Ohio's governor Ted Strickland has defended his order to ban offshoring of state government work, describing it as "common sense".

In a letter to U.S. Trade Representative Ron Kirk, Strickland said that "no one in India, or anywhere else, is going to tell the citizens of Ohio where we can create jobs or how we can spend our resources."

Tuesday's letter to Kirk comes as top Indian government officials visit the U.S. for trade talks, in which the ban on offshoring by Ohio, and a federal law raising the costs of visas, are likely to figure in the discussions.

In the letter, Strickland said he wanted to clearly state the nature and purpose of Ohio's policy.

An executive order last month from Strickland, a Democrat, sparked off protests from the Indian government and the outsourcing industry, as it banned the expenditure of public funds for offshore purposes.

India's National Association of Software and Service Companies (Nasscom) described Ohio's ban on offshore outsourcing as discrimination against Indian outsourcers.

State officials must at all times remain focused on initiatives that create and retain jobs in the U.S. in general, and in Ohio in particular, specially during Ohio's continuing efforts to recover from the recent global recession, the governor's order said.

The move by Ohio has alarmed Indian outsourcers as it comes a few weeks after the U.S. passed legislation that increased visa fees to pay for border security.

The Indian side is worried that rhetoric and actions against offshore outsourcing may pick up in the run-up to mid-term elections in the U.S. The high unemployment rate in the U.S. is expected to be a key election issue.

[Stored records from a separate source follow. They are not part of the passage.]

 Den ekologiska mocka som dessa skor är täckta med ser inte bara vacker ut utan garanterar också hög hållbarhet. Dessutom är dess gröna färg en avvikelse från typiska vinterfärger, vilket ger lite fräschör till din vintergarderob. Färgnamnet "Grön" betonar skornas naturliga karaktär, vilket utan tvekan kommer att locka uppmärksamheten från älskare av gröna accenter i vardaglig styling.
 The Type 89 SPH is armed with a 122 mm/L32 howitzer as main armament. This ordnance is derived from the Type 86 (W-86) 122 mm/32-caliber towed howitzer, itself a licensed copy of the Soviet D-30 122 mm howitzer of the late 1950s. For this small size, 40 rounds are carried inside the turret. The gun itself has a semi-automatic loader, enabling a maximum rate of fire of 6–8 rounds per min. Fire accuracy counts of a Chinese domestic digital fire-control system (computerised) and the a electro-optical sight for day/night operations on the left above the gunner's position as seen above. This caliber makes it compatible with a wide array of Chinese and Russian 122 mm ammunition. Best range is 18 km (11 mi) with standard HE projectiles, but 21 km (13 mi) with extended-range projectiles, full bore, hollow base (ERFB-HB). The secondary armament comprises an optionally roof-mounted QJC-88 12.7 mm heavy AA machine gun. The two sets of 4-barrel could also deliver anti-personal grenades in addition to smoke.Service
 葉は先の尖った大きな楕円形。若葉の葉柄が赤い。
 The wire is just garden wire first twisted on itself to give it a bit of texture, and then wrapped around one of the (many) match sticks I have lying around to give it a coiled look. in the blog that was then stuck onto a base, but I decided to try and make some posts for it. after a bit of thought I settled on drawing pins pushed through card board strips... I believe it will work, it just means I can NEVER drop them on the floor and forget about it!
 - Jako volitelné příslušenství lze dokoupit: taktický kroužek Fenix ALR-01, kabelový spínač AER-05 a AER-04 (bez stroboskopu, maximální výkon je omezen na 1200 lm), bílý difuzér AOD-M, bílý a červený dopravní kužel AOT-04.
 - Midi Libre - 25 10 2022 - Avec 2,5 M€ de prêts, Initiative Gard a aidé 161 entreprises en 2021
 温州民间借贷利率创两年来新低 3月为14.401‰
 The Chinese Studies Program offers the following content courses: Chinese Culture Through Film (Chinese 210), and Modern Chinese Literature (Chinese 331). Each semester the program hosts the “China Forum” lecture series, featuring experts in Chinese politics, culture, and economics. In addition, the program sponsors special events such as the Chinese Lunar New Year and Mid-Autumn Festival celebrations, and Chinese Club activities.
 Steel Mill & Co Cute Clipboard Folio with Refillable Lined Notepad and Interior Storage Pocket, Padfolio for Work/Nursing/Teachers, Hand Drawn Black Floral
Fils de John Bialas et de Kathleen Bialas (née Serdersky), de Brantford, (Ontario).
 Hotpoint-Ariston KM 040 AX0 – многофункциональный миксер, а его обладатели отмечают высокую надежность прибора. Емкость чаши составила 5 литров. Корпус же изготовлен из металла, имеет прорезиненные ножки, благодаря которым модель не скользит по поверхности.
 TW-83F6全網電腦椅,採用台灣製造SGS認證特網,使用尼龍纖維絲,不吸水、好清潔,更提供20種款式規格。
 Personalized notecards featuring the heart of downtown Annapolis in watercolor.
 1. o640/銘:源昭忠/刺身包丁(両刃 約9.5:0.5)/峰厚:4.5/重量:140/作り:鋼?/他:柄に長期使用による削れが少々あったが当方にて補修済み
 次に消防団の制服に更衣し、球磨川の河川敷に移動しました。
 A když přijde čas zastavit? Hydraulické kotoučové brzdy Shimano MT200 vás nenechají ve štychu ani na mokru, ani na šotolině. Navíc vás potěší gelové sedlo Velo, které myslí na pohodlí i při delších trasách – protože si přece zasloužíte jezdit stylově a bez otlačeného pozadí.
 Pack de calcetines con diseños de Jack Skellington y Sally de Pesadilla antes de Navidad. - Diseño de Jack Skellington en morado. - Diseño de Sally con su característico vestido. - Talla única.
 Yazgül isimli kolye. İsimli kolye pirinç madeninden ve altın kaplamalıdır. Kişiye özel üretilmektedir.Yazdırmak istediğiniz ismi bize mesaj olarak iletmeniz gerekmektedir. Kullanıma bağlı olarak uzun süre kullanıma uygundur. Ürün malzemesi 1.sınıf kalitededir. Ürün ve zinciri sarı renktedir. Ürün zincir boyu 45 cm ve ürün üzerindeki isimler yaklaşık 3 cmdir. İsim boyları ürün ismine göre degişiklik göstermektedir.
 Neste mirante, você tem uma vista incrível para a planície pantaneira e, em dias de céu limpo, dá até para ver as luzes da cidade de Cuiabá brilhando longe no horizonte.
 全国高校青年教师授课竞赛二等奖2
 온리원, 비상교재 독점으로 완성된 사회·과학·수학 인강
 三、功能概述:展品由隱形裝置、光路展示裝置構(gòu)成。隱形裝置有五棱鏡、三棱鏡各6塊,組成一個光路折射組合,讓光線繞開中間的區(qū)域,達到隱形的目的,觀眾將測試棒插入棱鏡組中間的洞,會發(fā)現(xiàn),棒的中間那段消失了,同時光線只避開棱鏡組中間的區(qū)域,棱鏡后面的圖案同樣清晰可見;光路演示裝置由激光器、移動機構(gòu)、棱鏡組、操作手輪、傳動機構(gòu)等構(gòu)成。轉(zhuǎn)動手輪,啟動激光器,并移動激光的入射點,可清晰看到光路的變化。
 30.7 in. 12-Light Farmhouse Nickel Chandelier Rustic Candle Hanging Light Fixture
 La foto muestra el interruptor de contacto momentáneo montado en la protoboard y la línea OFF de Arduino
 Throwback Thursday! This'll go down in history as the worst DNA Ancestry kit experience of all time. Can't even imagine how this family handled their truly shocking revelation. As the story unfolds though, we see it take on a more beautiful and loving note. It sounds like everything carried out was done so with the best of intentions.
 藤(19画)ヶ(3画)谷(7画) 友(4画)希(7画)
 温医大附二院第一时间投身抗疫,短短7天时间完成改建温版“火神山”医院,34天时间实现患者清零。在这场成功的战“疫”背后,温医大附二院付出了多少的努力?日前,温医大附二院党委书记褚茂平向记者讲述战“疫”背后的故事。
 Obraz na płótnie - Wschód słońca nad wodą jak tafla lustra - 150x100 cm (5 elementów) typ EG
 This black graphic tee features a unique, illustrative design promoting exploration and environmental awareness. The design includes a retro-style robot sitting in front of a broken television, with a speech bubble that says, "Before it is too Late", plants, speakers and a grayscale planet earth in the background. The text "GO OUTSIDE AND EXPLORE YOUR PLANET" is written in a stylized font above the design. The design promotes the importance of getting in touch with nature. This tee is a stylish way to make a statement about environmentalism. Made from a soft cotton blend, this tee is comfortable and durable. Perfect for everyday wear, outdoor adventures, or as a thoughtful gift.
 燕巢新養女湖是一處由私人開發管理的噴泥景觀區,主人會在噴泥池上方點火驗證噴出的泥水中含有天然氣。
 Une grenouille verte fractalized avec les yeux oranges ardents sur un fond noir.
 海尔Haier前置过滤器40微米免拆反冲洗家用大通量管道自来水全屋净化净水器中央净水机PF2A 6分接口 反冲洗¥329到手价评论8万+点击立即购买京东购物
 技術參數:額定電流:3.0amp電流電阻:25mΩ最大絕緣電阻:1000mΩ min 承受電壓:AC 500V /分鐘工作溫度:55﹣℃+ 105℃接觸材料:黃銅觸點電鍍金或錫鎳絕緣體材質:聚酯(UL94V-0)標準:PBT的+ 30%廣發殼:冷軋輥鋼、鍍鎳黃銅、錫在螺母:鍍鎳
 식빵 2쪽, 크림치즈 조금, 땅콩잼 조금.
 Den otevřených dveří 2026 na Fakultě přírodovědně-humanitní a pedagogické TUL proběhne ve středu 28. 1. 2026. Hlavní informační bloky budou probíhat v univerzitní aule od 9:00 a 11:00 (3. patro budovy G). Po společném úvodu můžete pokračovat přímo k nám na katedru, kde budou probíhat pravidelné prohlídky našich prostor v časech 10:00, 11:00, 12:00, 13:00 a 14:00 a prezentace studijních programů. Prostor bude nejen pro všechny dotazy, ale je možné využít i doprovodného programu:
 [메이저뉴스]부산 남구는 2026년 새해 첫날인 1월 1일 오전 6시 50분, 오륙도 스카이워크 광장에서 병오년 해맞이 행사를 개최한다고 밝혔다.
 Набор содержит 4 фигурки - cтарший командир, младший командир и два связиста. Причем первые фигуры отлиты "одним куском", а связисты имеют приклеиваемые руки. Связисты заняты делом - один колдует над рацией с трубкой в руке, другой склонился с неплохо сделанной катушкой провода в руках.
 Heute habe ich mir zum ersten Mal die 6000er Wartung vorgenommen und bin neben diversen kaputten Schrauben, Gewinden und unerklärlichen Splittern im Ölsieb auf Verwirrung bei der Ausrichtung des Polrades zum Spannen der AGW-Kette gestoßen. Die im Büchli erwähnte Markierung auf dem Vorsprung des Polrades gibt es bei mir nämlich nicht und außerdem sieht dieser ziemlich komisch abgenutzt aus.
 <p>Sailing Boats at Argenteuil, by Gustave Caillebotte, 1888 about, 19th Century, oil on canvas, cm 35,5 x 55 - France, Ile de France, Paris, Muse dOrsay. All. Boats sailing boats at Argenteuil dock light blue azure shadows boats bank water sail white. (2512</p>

Strickland said in his letter to Kirk that while Indian officials have objected to his actions, they have admitted they do not have a case in the World Trade Organization (WTO) because his executive order does not violate any trade agreement with India,

There is no need to go across the globe to buy services that can be readily provided in Ohio or in the U.S., Strickland said.

The Indian delegation to the U.S. has criticized Ohio's position as "ill-advised." India's commerce and industry minister, Anand Sharma, said in Washington on Tuesday that India was also helping create jobs in India by for example buying aircraft from Boeing, according to the Press Trust of India, an Indian news agency.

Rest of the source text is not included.